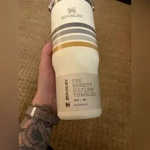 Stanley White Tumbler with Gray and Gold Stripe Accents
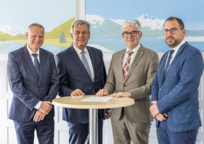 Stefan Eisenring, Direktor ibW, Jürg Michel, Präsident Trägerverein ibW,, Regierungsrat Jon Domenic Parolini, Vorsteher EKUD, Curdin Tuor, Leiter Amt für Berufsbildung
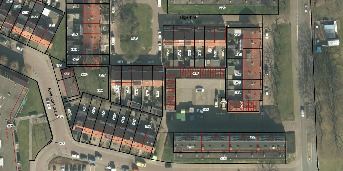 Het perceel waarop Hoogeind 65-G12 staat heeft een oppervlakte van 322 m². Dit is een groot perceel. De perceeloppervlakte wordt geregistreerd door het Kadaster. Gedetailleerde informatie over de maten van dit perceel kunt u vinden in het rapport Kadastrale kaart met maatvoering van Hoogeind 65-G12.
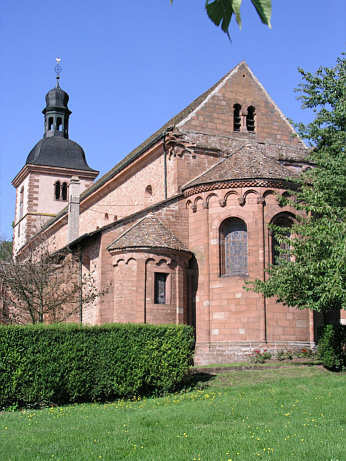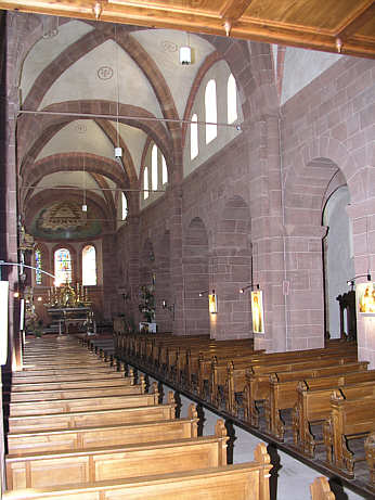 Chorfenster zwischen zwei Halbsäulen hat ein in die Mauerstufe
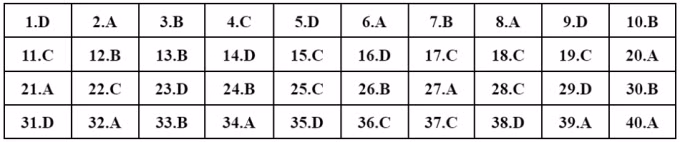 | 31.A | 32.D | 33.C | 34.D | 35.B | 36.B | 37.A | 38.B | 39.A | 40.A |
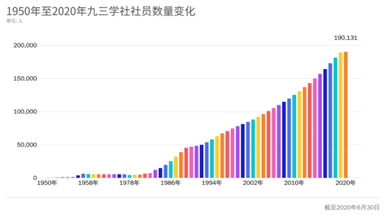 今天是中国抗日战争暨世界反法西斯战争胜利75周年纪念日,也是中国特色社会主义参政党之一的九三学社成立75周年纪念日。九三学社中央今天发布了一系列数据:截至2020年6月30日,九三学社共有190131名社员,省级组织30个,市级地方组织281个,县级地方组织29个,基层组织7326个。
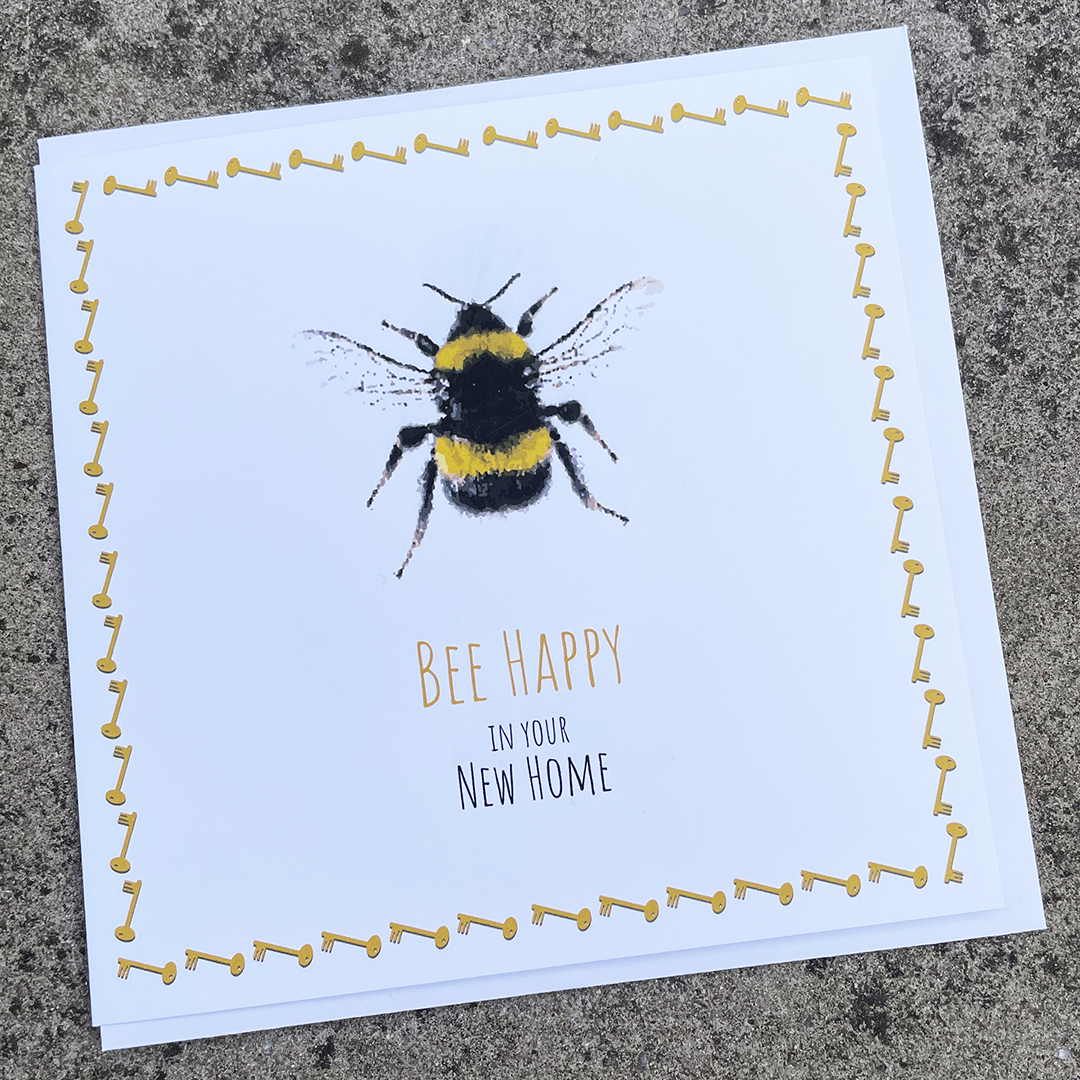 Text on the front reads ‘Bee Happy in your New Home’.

= = = = =

Exercise prompt
Above, find the line holding "Het perceel waarop" and the line holding "Chorfenster zwischen zwei". Print exactly those two lines and every line between them, but no pictures.

Result for this task
 Het perceel waarop Hoogeind 65-G12 staat heeft een oppervlakte van 322 m². Dit is een groot perceel. De perceeloppervlakte wordt geregistreerd door het Kadaster. Gedetailleerde informatie over de maten van dit perceel kunt u vinden in het rapport Kadastrale kaart met maatvoering van Hoogeind 65-G12.
 Chorfenster zwischen zwei Halbsäulen hat ein in die Mauerstufe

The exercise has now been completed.